And lastly, there is a need to minimise what ZIG calls ‘social instability’. ‘For example, high population density can lead to property bubbles which enrich some while excluding others. This combination, especially when experienced by urban populations living in relatively close proximity, can increase social instability and destabilise the wider urban economy’, it says.
Why construction should embrace digital ways of working
According to the World Economic Forum (WEF), to deliver better urban environments, the construction industry needs to ’embrace digitalisation, establish new working practices and increase collaboration with the public sector’.
Rapid urbanisation puts increasing demands on how construction teams communicate.
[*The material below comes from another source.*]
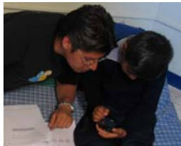
Fig. 1. Pruebas de usabilidad de PDAs.

Cinco personas estaban involucradas en cada prueba: un niño como participante y un estudiante como facilitador en un lado del espejo medio-transparente del laboratorio, y dos profesores como observadores, junto con un técnico quien controló la grabación en vídeo. Tanto el facilitador como los observadores tenían en papel las tareas a desarrollar, para realizar anotaciones de sus observaciones y de las respuestas de los participantes. Sin embargo, estas hojas funcionaban para el facilitador nada más como una guía para llevar a cabo la prueba porque toda la interacción entre él y los participantes fue realizado más bien como una plática informal o bien como en forma de un juego (Fig. 1).

The built environment has been responding by making greater use of digital – paperless – methods of delivering buildings, from building information modelling (BIM) to design software technologies such as Bluebeam.
Infrastructure also needs to embrace 21st century digital innovation, the WEF says. ‘That goes for both projects being built today and for existing infrastructure that’s being expanded, retrofitted or repurposed to meet new needs or circumstances.’
Greener, smarter buildings
Urbanisation has prompted many to rethink how buildings for large population areas are delivered. One of the key impacts has been on the development and creation of sustainable buildings.
Another is modern methods of construction, where efficiencies and quality can be enhanced through factory-assembled buildings, delivered to a site ready to erect, along with successful management of processes and resources to minimise waste.
Similarly, the industry is increasingly geared towards meeting the demands of tech-savvy climate-aware occupiers looking for buildings that are both built sustainably and have a minimum operational impact on the world around them.
Silo thinking – an issue that will be familiar to many in construction – also needs to disappear, the WEF argues. ‘Fostering a more holistic, systemic approach to sustainable infrastructure and putting digitalisation to work requires a change in industry working practices and relationships that brings key stakeholders together in a unified pursuit of a clearly defined outcome’, it says.
Transforming ways of working in an era of digital construction and rapid urbanisation will not be easy, but this transition will be crucial for the future of the industry. Failing to recognise the negative consequences of how fast our cities are growing without taking appropriate action is a risk we cannot afford.